Apply Me CRM evaluator-pass punch list + fix claim-checker subagent bug by hnshah · Pull Request #11 · hnshah/pagekit

hnshah · 2026-04-15T01:56:50Z

The personal-crm-founders run (first real agentic fully-logged run after the PR #10 enforcement tightenings) surfaced a 4-item punch list in its evaluator-pass.md. This PR applies all four. It also fixes a bug in the pagekit-claim-checker subagent that the run exposed.

This is the run-to-repo-improvement loop working exactly as designed: run produces evaluator-pass produces specific repo changes in the very next PR.

Punch list (from `runs/personal-crm-founders/evaluator-pass.md`)

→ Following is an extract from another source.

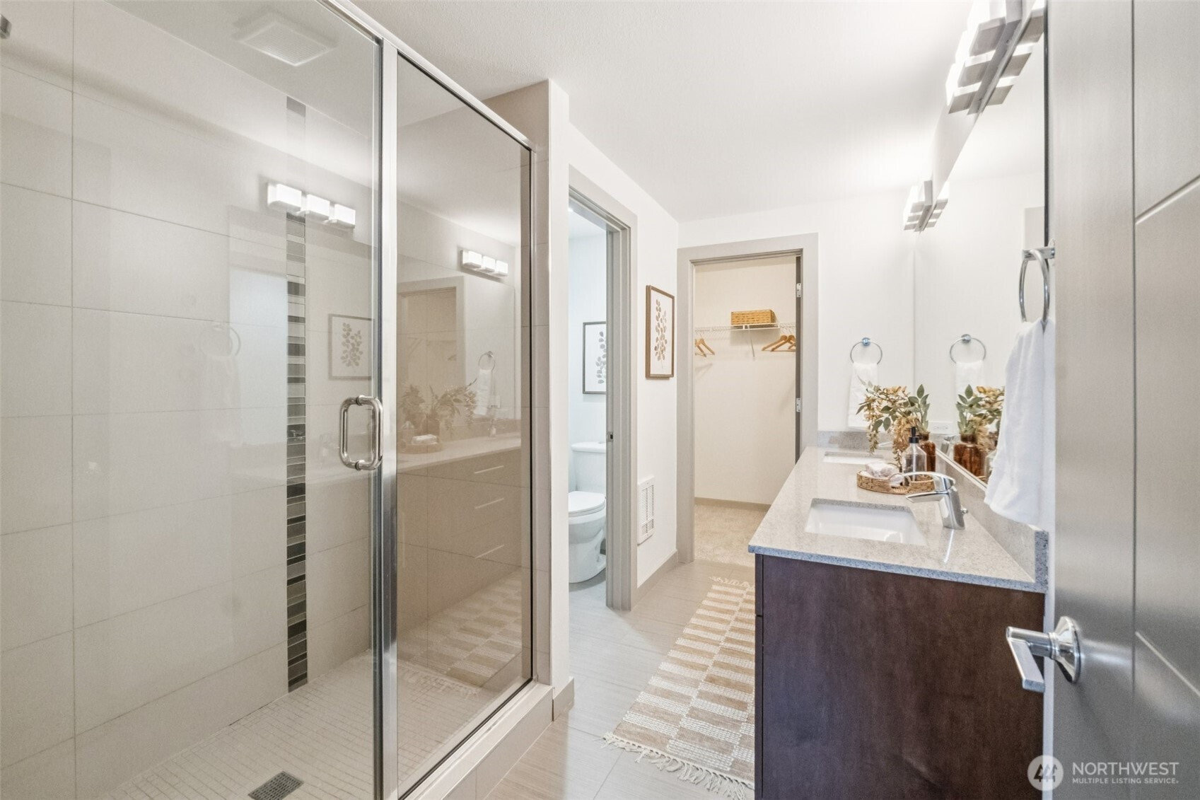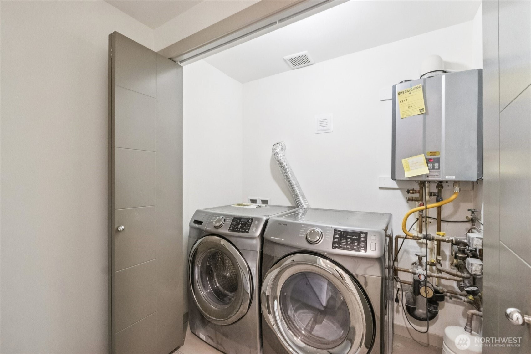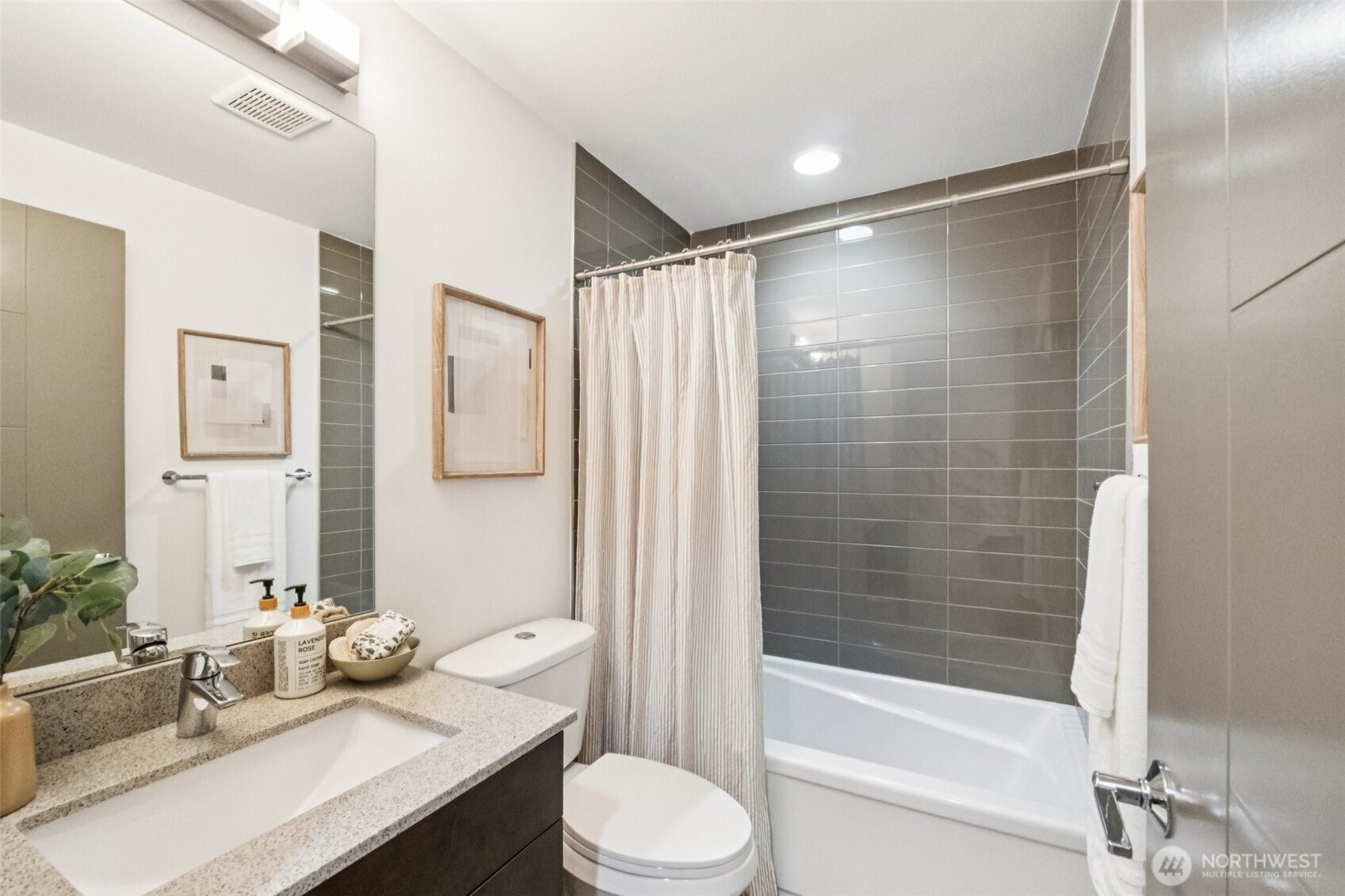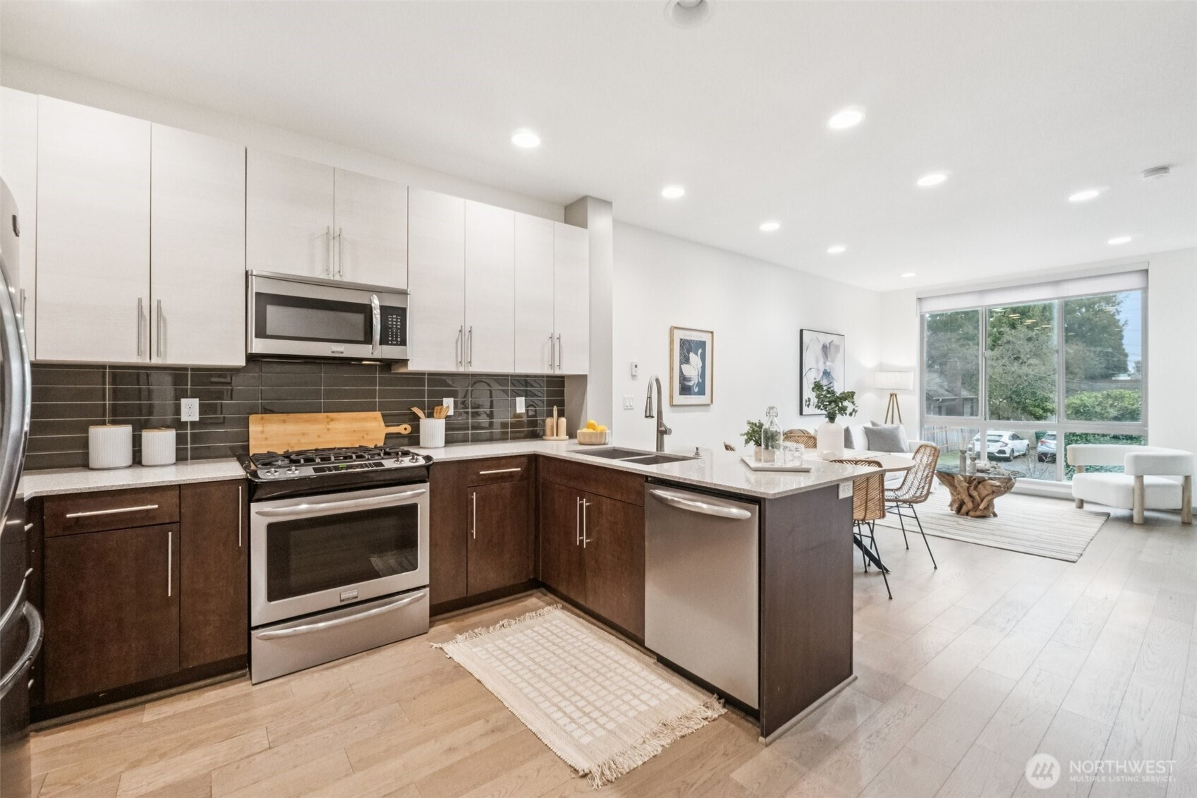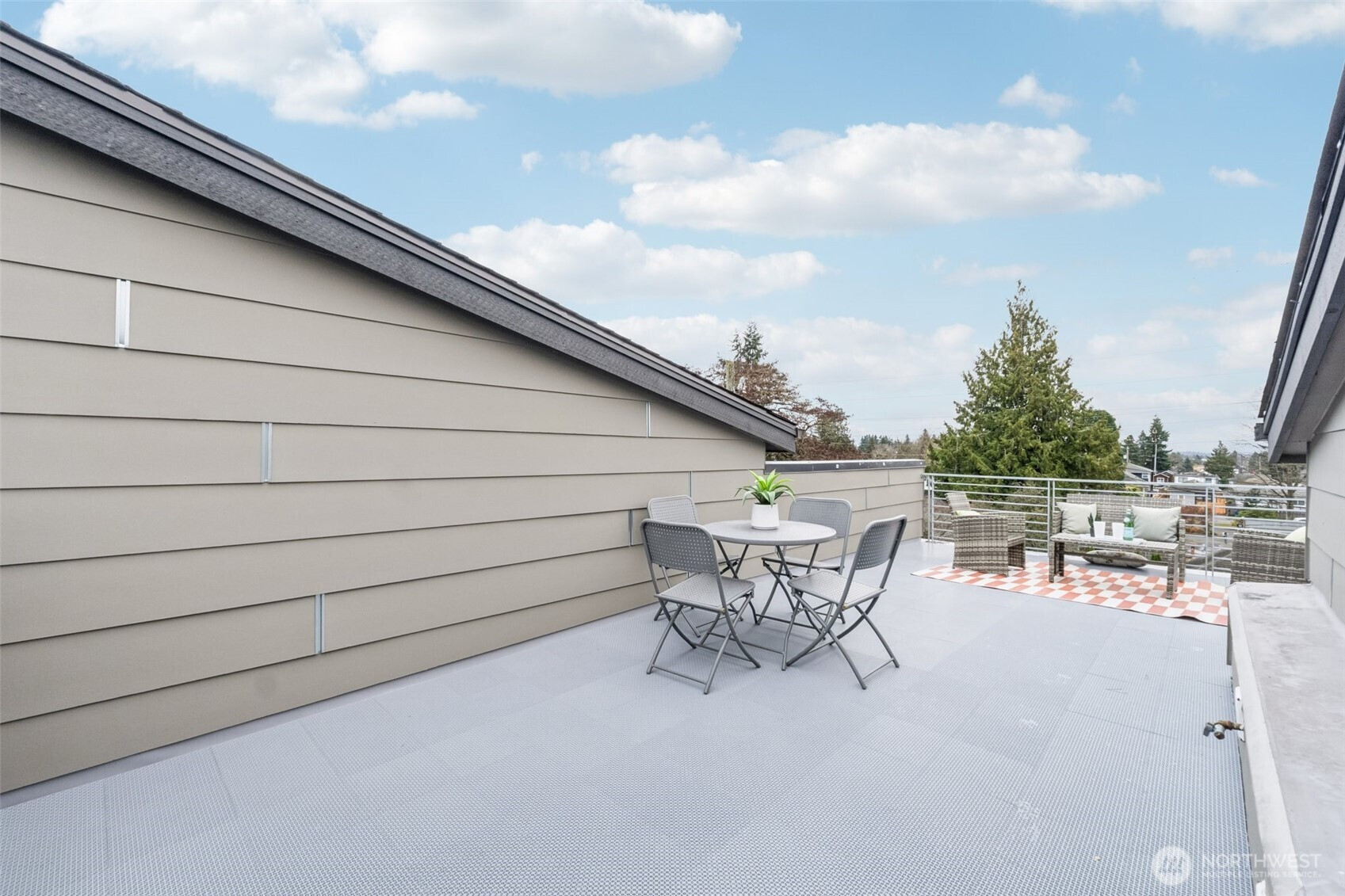 Better than new 2017-built townhome in prime North Seattle location! Soaring floor-to-ceiling windows flood the main floor w/light, showcasing the tasteful kitchen w/quartz counters, stainless appliances, & a generous living room anchored by a cozy gas fireplace—ideal for relaxing or entertaining. Upstairs, a private primary offers an upscale en suite & walk-in closet, while the lower level offers flexibility with 2 bdrms & full bath—perfect for guests, office, or gym. Host sunset gatherings on the rooftop deck w/gas hookup & eye-catching city & mountain views. New roof & new painting throughout in 2025. Enjoy radiant heat, & a gated front yard which provides added privacy. Off-street parking, no HOA dues, & pre-inspected—move in and enjoy!
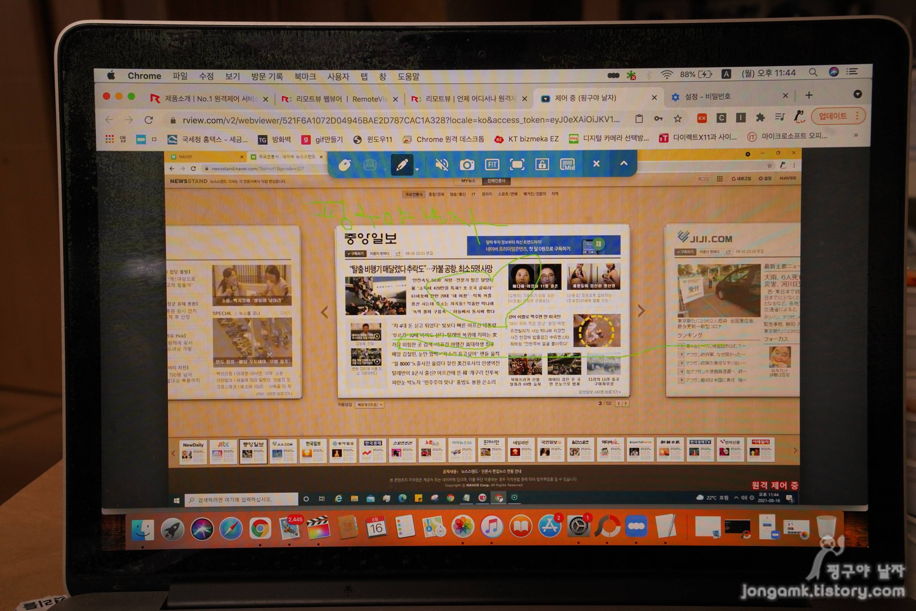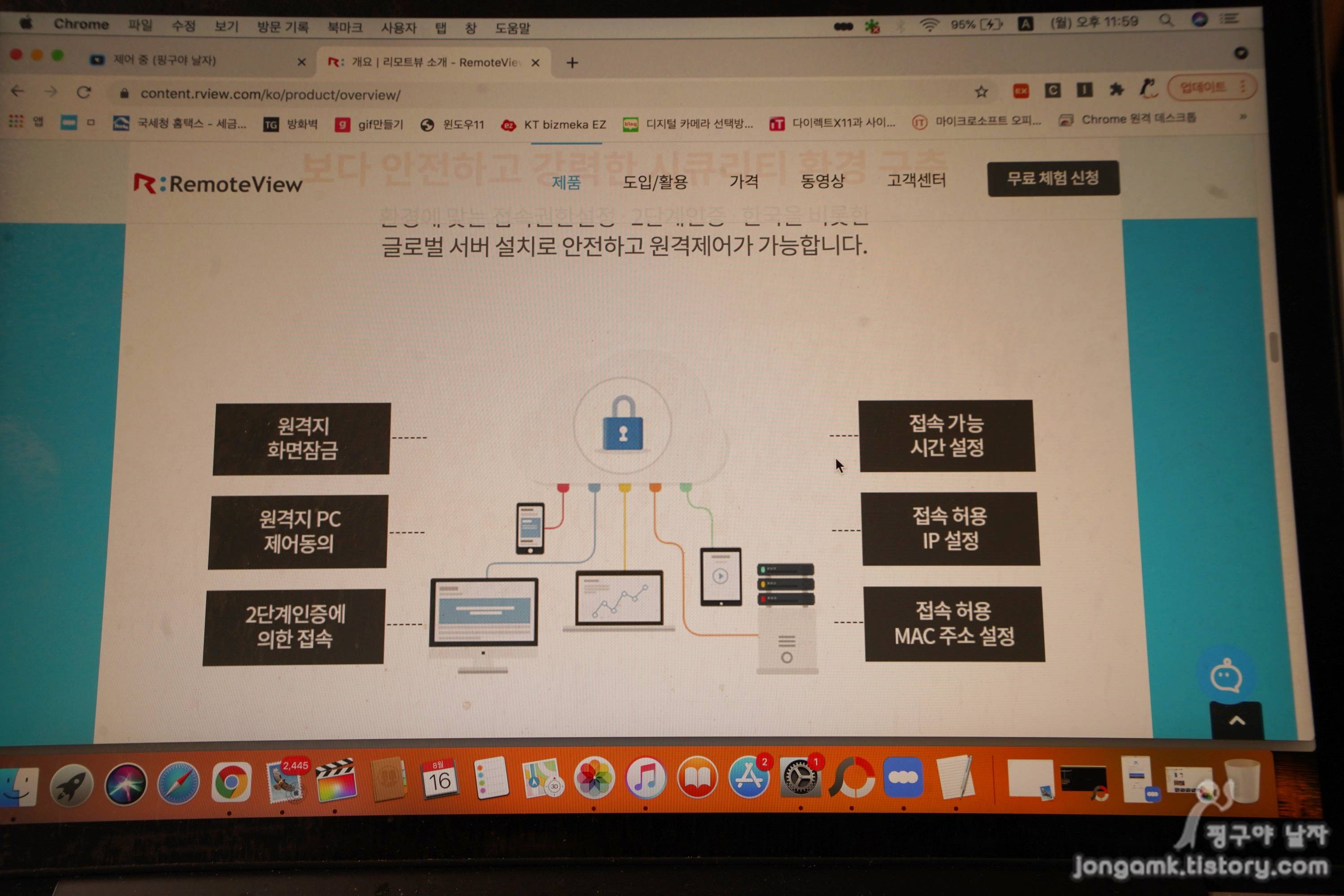 뿐만 아니라 윈도우즈OS를 사용하는 PC를 맥북에서 크롬 브라우저를 이용해도 원격제어를 할 수 있기 때문에 유연한 접근성을 제공하는 원격제어 프로그램을 찾는다면 리모트뷰를 추천을 하고 싶습니다.

1. First-page-decision template: falsification prompt

templates/first-page-decision-template.md — added an "If this is a hypothesis: what would falsify it?" sub-field under Confidence basis. Stops hypothesis-level decisions from being silently promoted to conclusions. Required when confidence is "hypothesis"; optional when "data" or "signal."

2. Evaluation scaffold: Source quality field

scripts/new-run.sh evaluation scaffold now includes a ## Source quality section at the top: Real / Training fiction / Mixed. Surfaces provenance prominently rather than burying it in sources/01-source-capture.md. A reader should immediately know whether the run was built on real or invented material.

3. Claim-check: distinguish remove-vs-verify

Claim-check previously collapsed "cut this line" into a single correction category. The audit should preserve three dispositions:

rewrite
remove (wrong) — disqualified; do not restore
remove pending verification — potentially restorable if source confirms

Updated across three surfaces: prompts/07-claim-check.md, .claude/agents/pagekit-claim-checker.md, templates/claim-check-template.md.

4. Evaluation scaffold: weak-section to source-gap mapping

scripts/new-run.sh evaluation scaffold now requires that every section flagged as weak name the specific source material that would fix it. A weak section without a source gap named is a weak section shipping by choice, not by constraint.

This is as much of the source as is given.